Task to complete – Restate all of the entries exactly, dropping any pictures they hold.

:: Supplied data

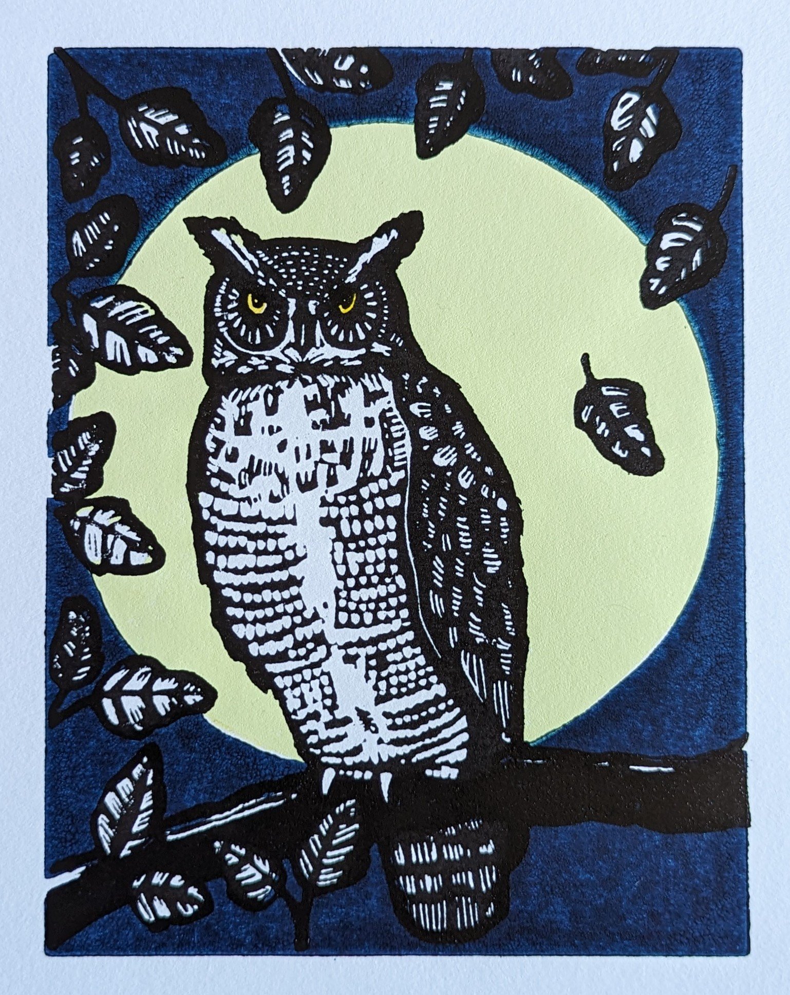 Join me for a small-group workshop where we will learn the basics of multi-block relief printmaking! This is an intermediate-level workshop for those that have already participated in a beginners relief printmaking class or that have successfully carved and printed linoleum block prints before. Multi-block printmaking uses more than one block to create a color layered print. Planning the layers and ensuring the alignment of the blocks is key to a successful print!
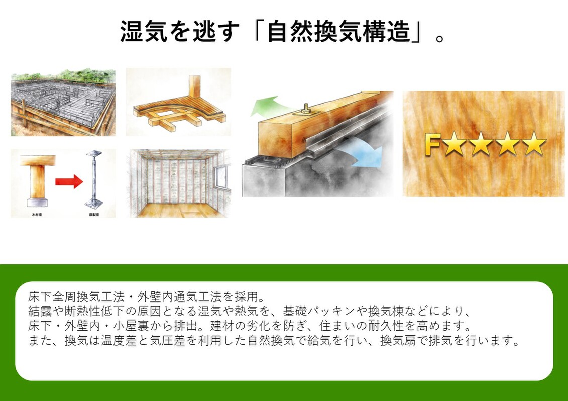 しっかりした基礎と構造で、強い建物を作る。そして長期保証とアフターメンテナンスで、安心安全な暮らしを守る。家族を守り、家族のみらいを育む、安心な住まいであるために。
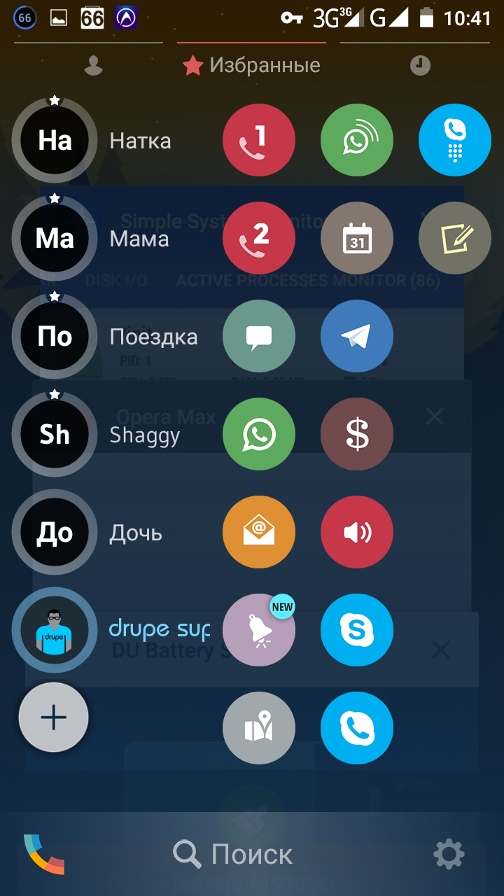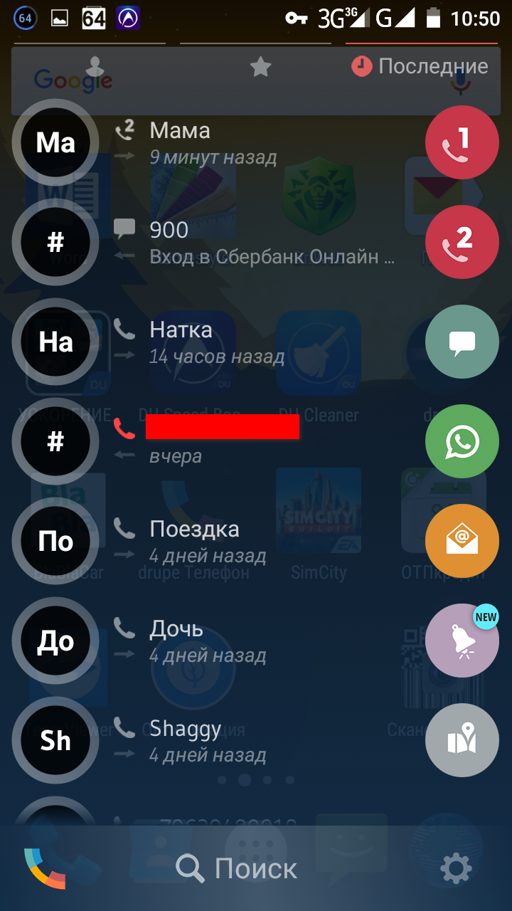 Еще одно однорукое решение, призванное облегчить работу с номеронабирателем и телефонной книгой. Таким образом, все контакты и мессенджеры собраны в одном месте, доступном на всех экранах рабочего стола. К слову, нечто подобное реализовано и в топовых «лаунчерах», которые мой коллега обозревал не так давно.
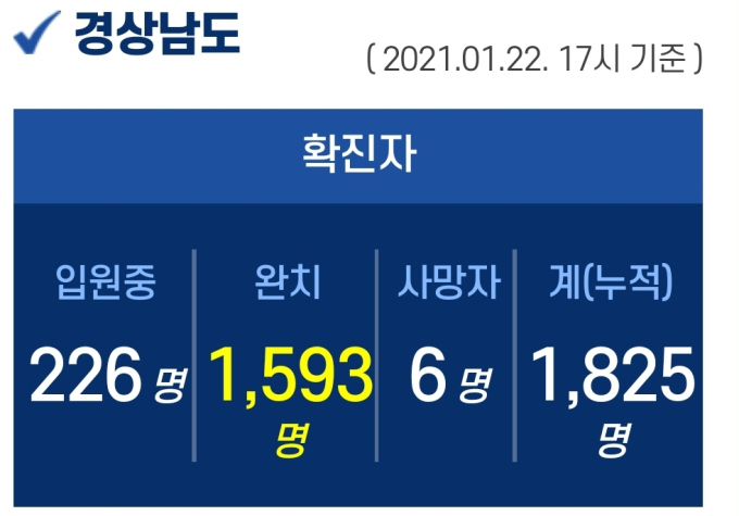 22일 오후 5시 기준, 경남도내 입원 중인 확진자는 226명이고, 퇴원 1593명, 사망 6명, 누적 확진자는 총 1825명이다.
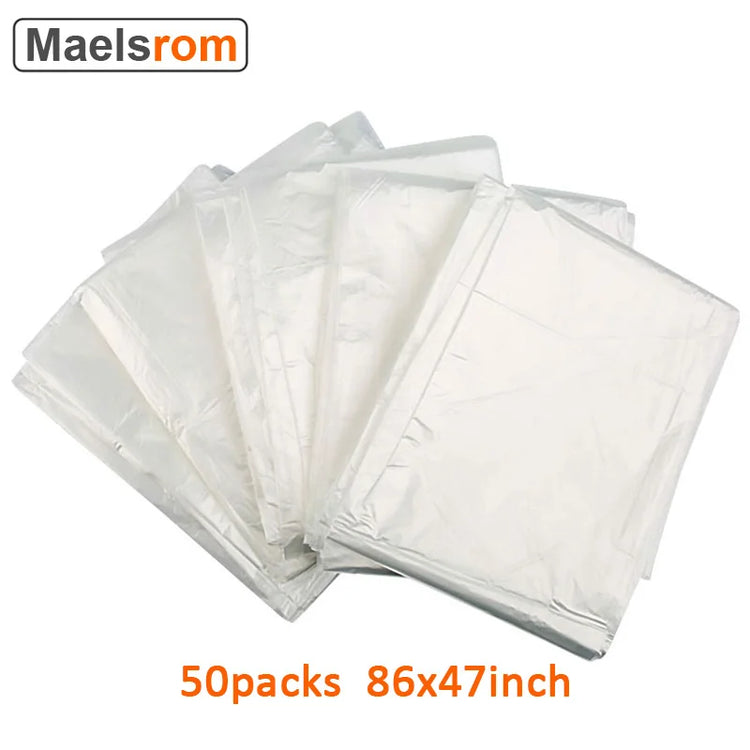 ✅WHAT YOU WILL GET - 50 pieces open size is 47 x 86 inch/120 x 220 cm plastic body wrap sheet (upper opening)

::::

Written response –
 Join me for a small-group workshop where we will learn the basics of multi-block relief printmaking! This is an intermediate-level workshop for those that have already participated in a beginners relief printmaking class or that have successfully carved and printed linoleum block prints before. Multi-block printmaking uses more than one block to create a color layered print. Planning the layers and ensuring the alignment of the blocks is key to a successful print!
 しっかりした基礎と構造で、強い建物を作る。そして長期保証とアフターメンテナンスで、安心安全な暮らしを守る。家族を守り、家族のみらいを育む、安心な住まいであるために。
 Еще одно однорукое решение, призванное облегчить работу с номеронабирателем и телефонной книгой. Таким образом, все контакты и мессенджеры собраны в одном месте, доступном на всех экранах рабочего стола. К слову, нечто подобное реализовано и в топовых «лаунчерах», которые мой коллега обозревал не так давно.
 22일 오후 5시 기준, 경남도내 입원 중인 확진자는 226명이고, 퇴원 1593명, 사망 6명, 누적 확진자는 총 1825명이다.
 ✅WHAT YOU WILL GET - 50 pieces open size is 47 x 86 inch/120 x 220 cm plastic body wrap sheet (upper opening)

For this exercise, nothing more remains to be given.